Class UCPFilter

  • Direct Known Subclasses:
    UCPFilter.UCPCharsetFilter

    public abstract class UCPFilter
    extends Object
    A filter for Unicode code points. It also maintains a cache of filters associated with Charset instances.

    For charset-based filters, this class may perform slowly when the cache is built, if the JVM is running with an active debugging agent.
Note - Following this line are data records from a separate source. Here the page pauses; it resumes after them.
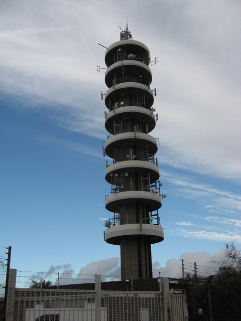 BTmicrowave telecommunication tower on Pur Down (Bristol). A prominent object visible from the M32, is sited on an old WW2 anti-aircraft gun site.
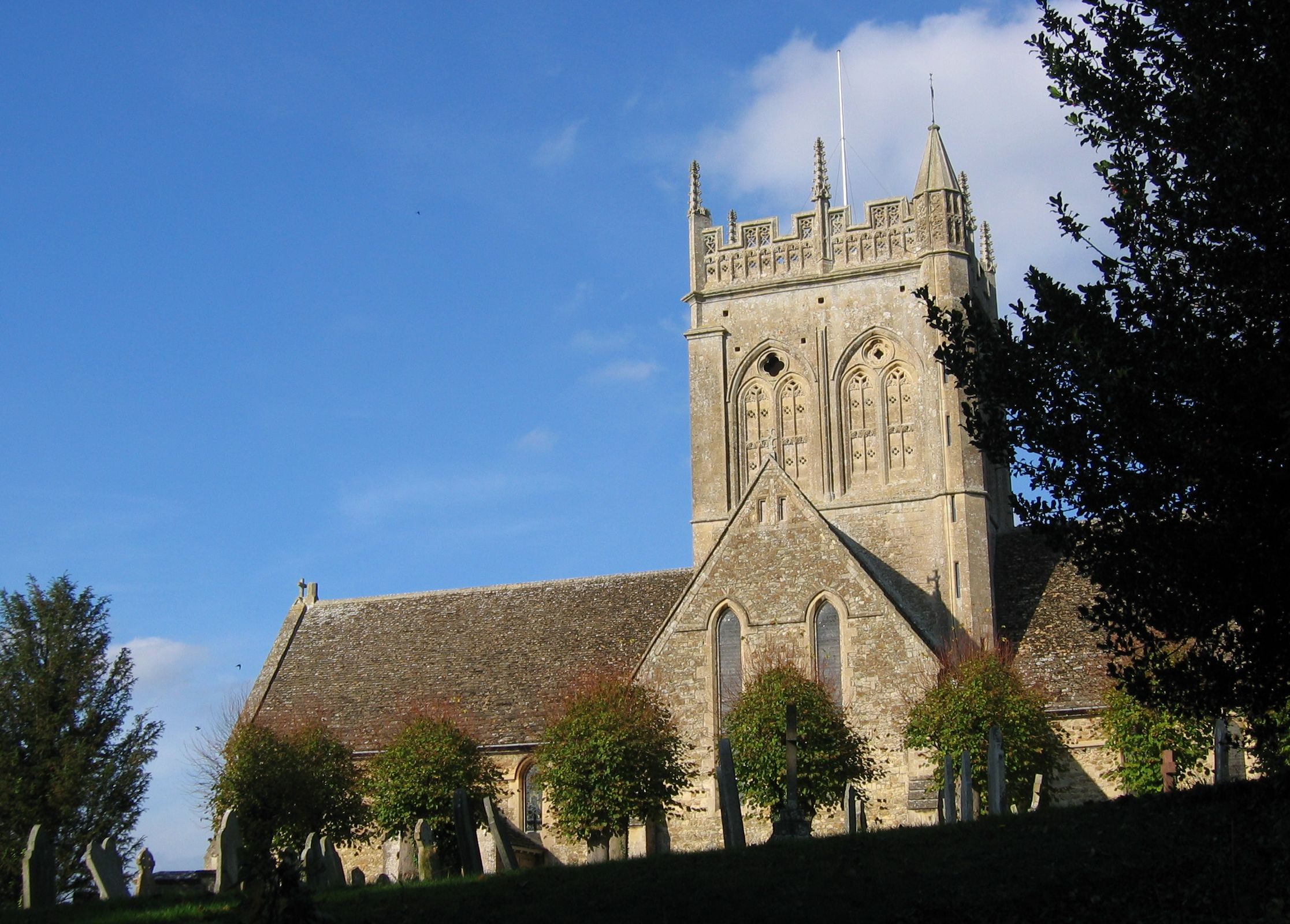 Church of St. Mary the Virgin in Potterne
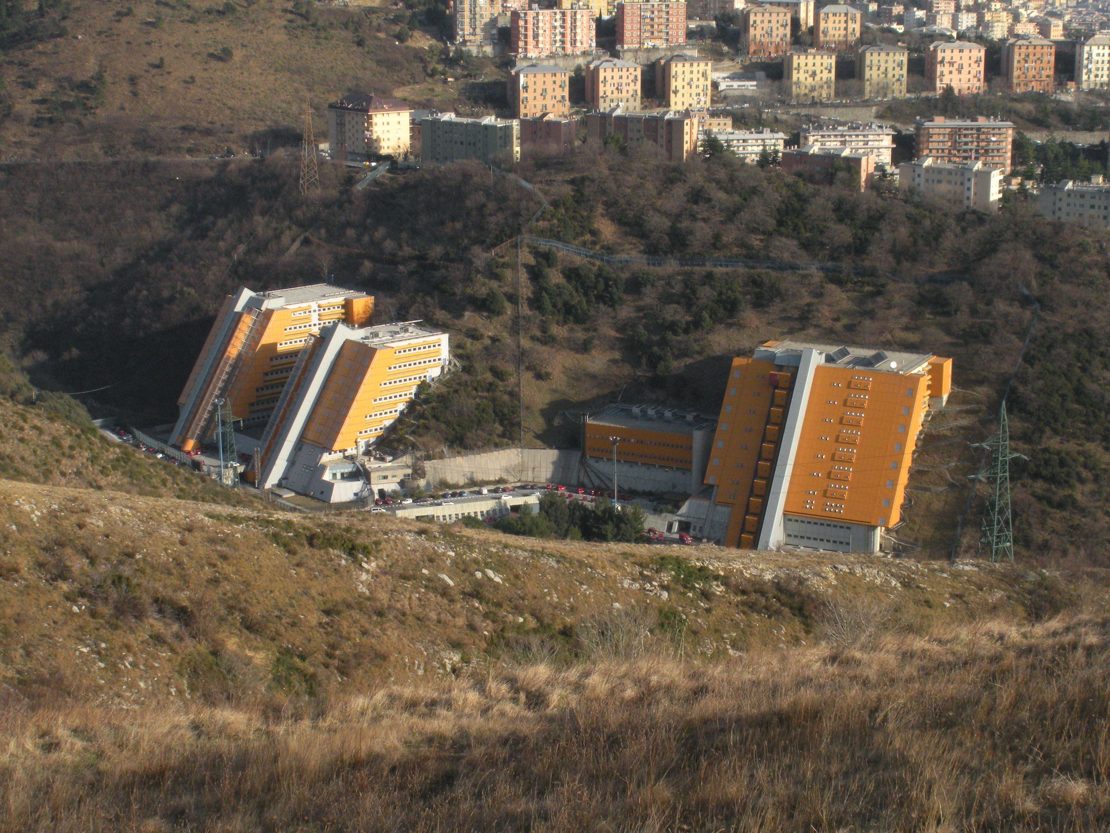 Genoa (Italy), Telecom headquarters in the quarter of Lagaccio
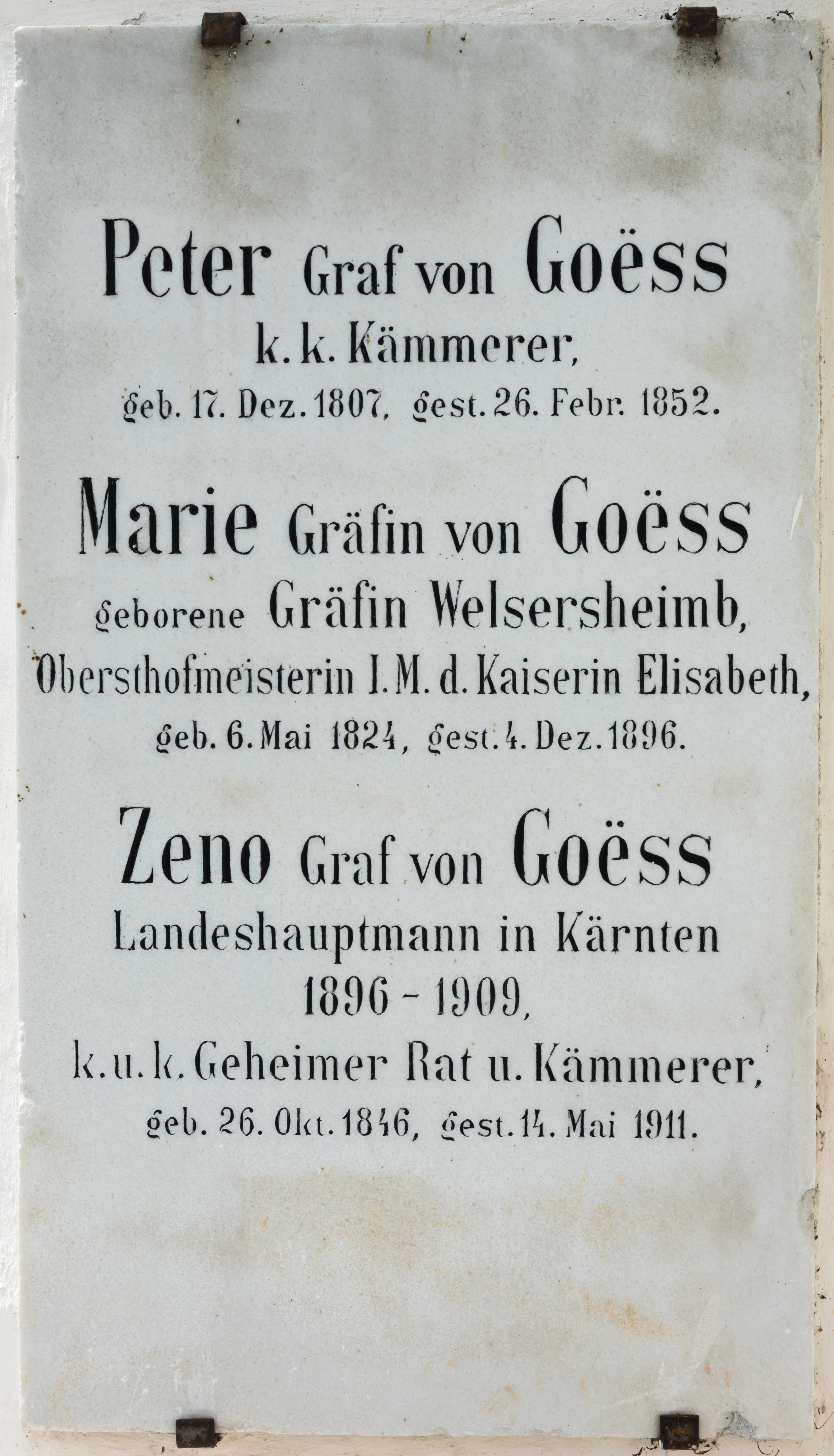 Gravestone of the Counts of Goëss at the parish church Saint Radegund in Radweg, municipality Feldkirchen, district Feldkirchen, Carinthia, Austria, EU
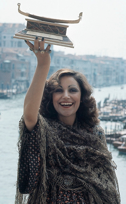 Italian singer Mia Martini (Domenica Berté) raising the Gondola d'Oro prize won at the Mostra Internazionale di Musica Leggera with the song Donna Sola. Venice, 1973
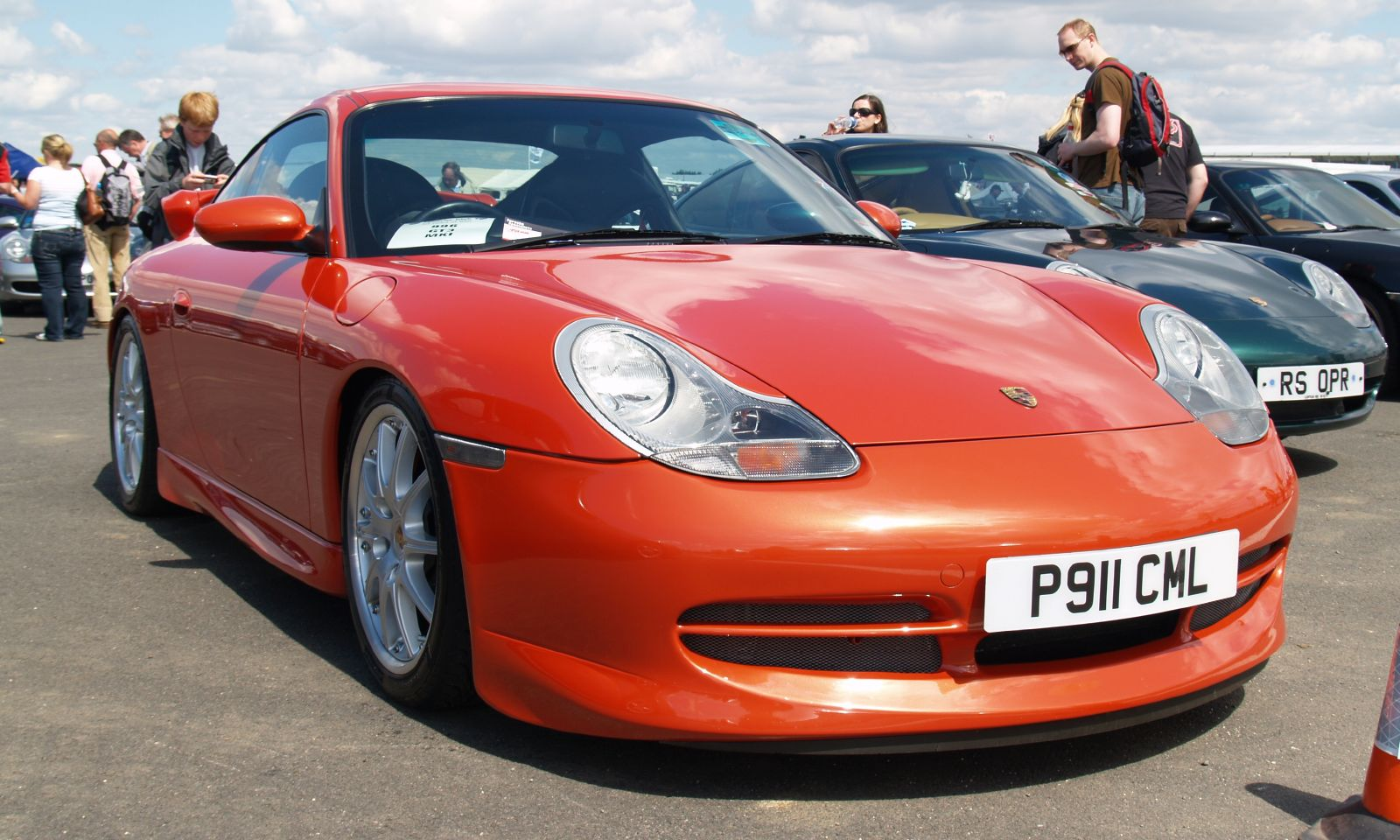 Porsche 911 GT3 (996), orangeperlrotcolor, RHD, P911 CML.
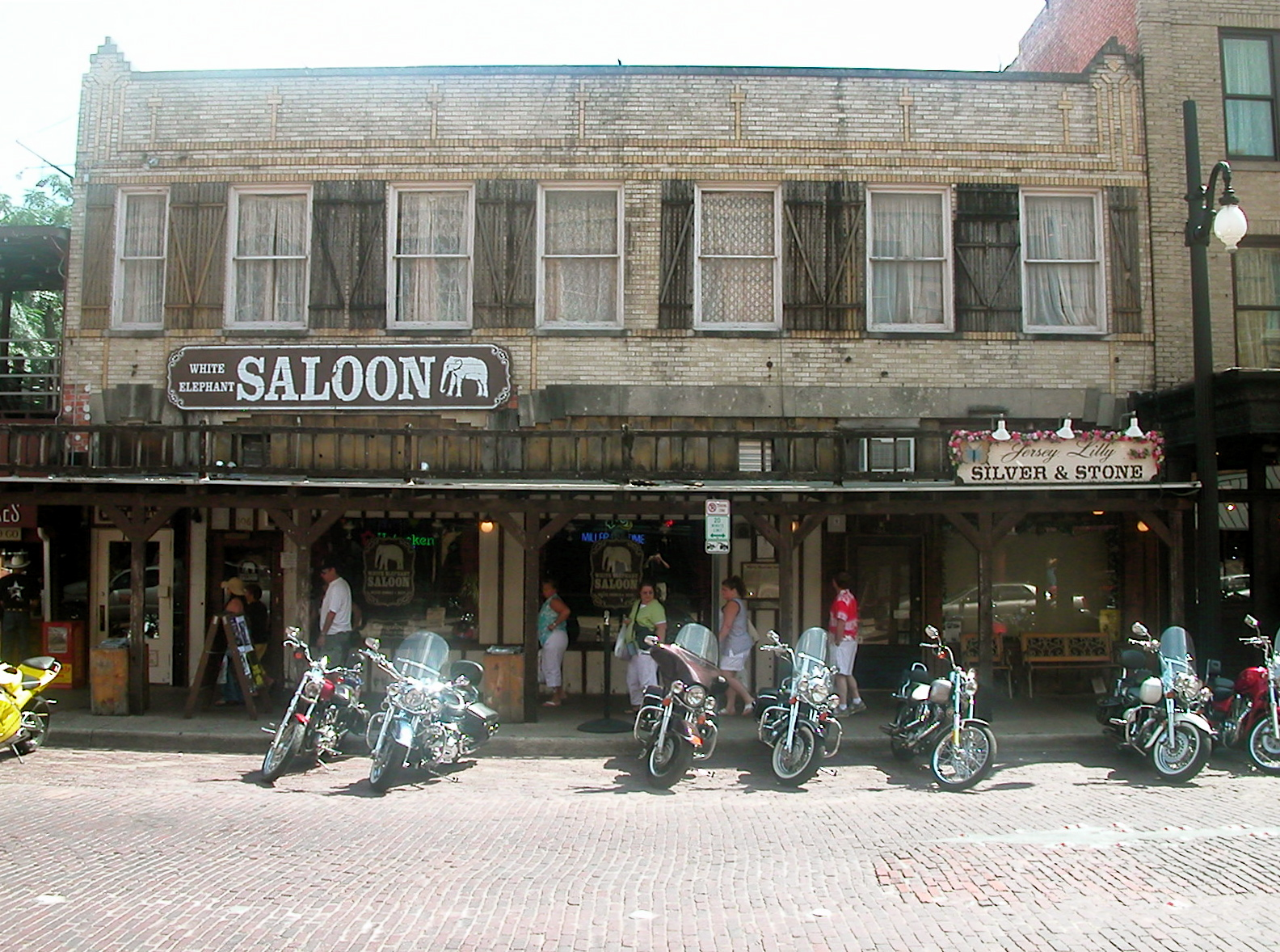 Saloon at the Stockyards, a tourist cowboy town near Forth Worth, Texas.
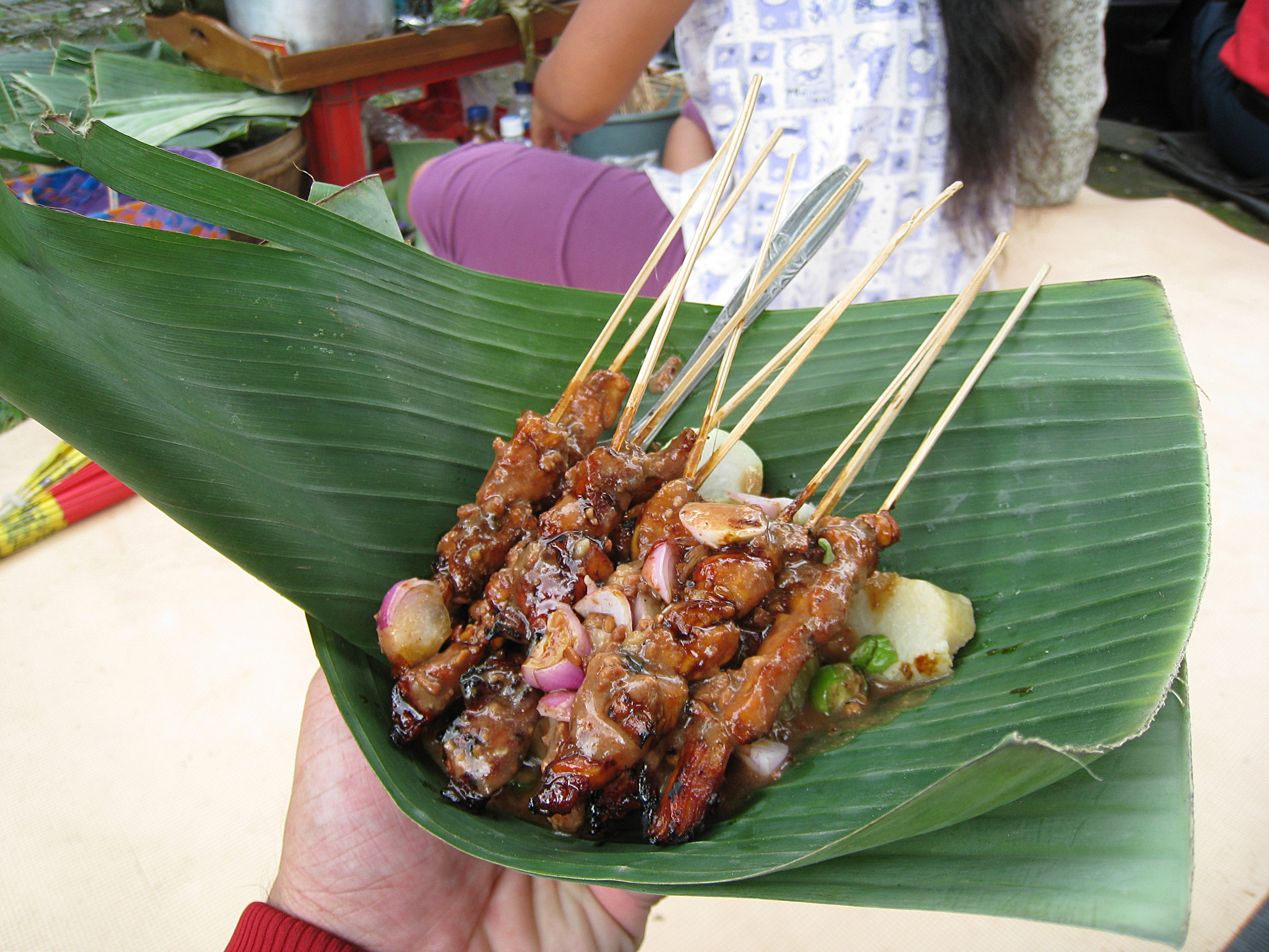 Chicken satay with lontong glutinous rice on banana leaf plate at a humble "kakilima" or road side chicken satay seller near Borobudur, Central Java.
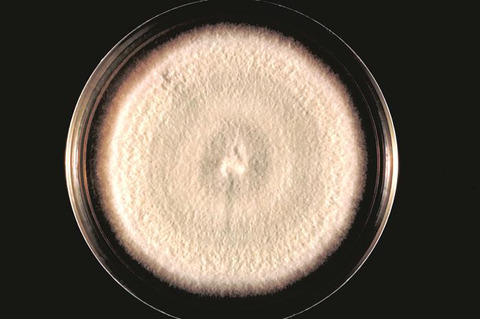 ID#: 4167 Description: This image depicts a plate culture with a colony of the fungus Acremonium falciforme. Members of genus Acremonium are filamentous fungi commonly isolated from plant debris and soil. Acremonium spp. are one of the causative agents of eumycotic “white grain” mycetoma. Content Providers(s): CDC Creation Date: 1970 Copyright Restrictions: None - This image is in the public domain and thus free of any copyright restrictions. As a matter of courtesy we request that the content provider be credited and notified in any public or private usage of this image.
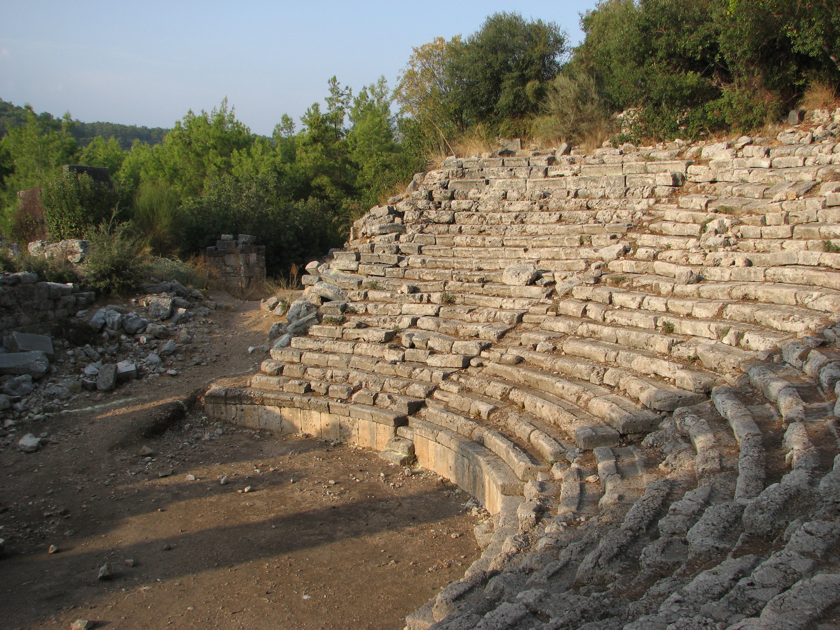 Phaselis, Amphitheatre
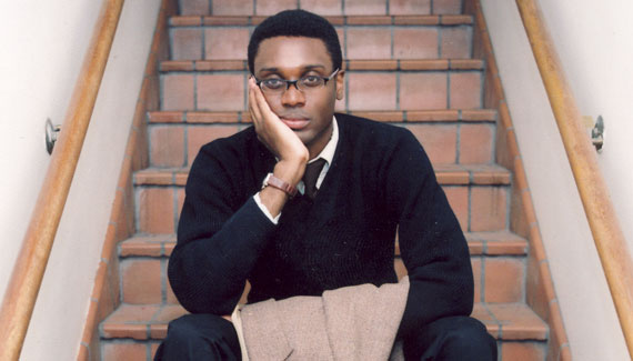 Shaun Scott, pictured in 2009. Photograph taken by Chris Grunder.
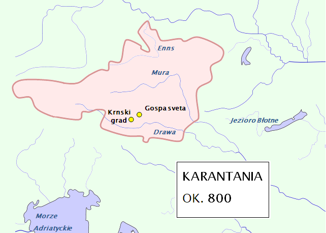 Carantania (Karantanija) at 800 AD; for approximate borders: look at Inzko Valentin (1978): Zgodovina Slovencev do leta 1918. Mohorjeva založba, Celovec. Str. 21; Čepič Zdenko et al. (1979): Zgodovina Slovencev. Cankarjeva založba, Ljubljana 1979, str. 127 in 133; Peršič Janez et al. (1983): Stare kulture. Mladinska knjiga, Ljubljana, str. 144.

This is because the JRE implements the acceptability test by throwing and catching an exception, which is trapped by the agent; if the charset can only encode a small subset of the Unicode code points, then a lot of exceptions are thrown and caught, resulting in a performance degradation as the agent intercepts repeatedly (even if the debugger does not indicate an interest in exceptions).

    Since:
    0.6.0
    Version:
    $Id: UCPFilter.java 16154 2012-07-14 16:34:05Z colin $
    Author:
    tlerios@marketcetera.com
    • Field Detail

      • CHAR

        public static final UCPFilter CHAR
        A filter for Unicode characters that can be represented by a single char.
      • DIGIT

        public static final UCPFilter DIGIT
        A filter for Unicode code points that are digits.
      • LETTER

        public static final UCPFilter LETTER
        A filter for Unicode code points that are letters.
      • ALNUM

        public static final UCPFilter ALNUM
        A filter for Unicode code points that are letters or digits.
    • Constructor Detail

      • UCPFilter

        public UCPFilter()
    • Method Detail

      • forCharset

        public static UCPFilter forCharset​(Charset cs)
        Returns a filter for Unicode code points that can be encoded by the given charset.
        Parameters:
        cs - The charset.
        Returns:
        The filter.
      • getDefaultCharset

        public static final UCPFilter getDefaultCharset()
        Returns a filter for Unicode code points that can be encoded by the default JVM charset.
        Returns:
        The filter.
      • getFileSystemCharset

        public static final UCPFilter getFileSystemCharset()
        Returns a filter for Unicode code points that can be encoded by the current system file encoding/charset (as specified in the system property file.encoding).
        Returns:
        The filter.
      • isAcceptable

        public abstract boolean isAcceptable​(int ucp)
        Checks whether the given Unicode code point is acceptable to the receiver.
        Parameters:
        ucp - The code point.
        Returns:
        True if so.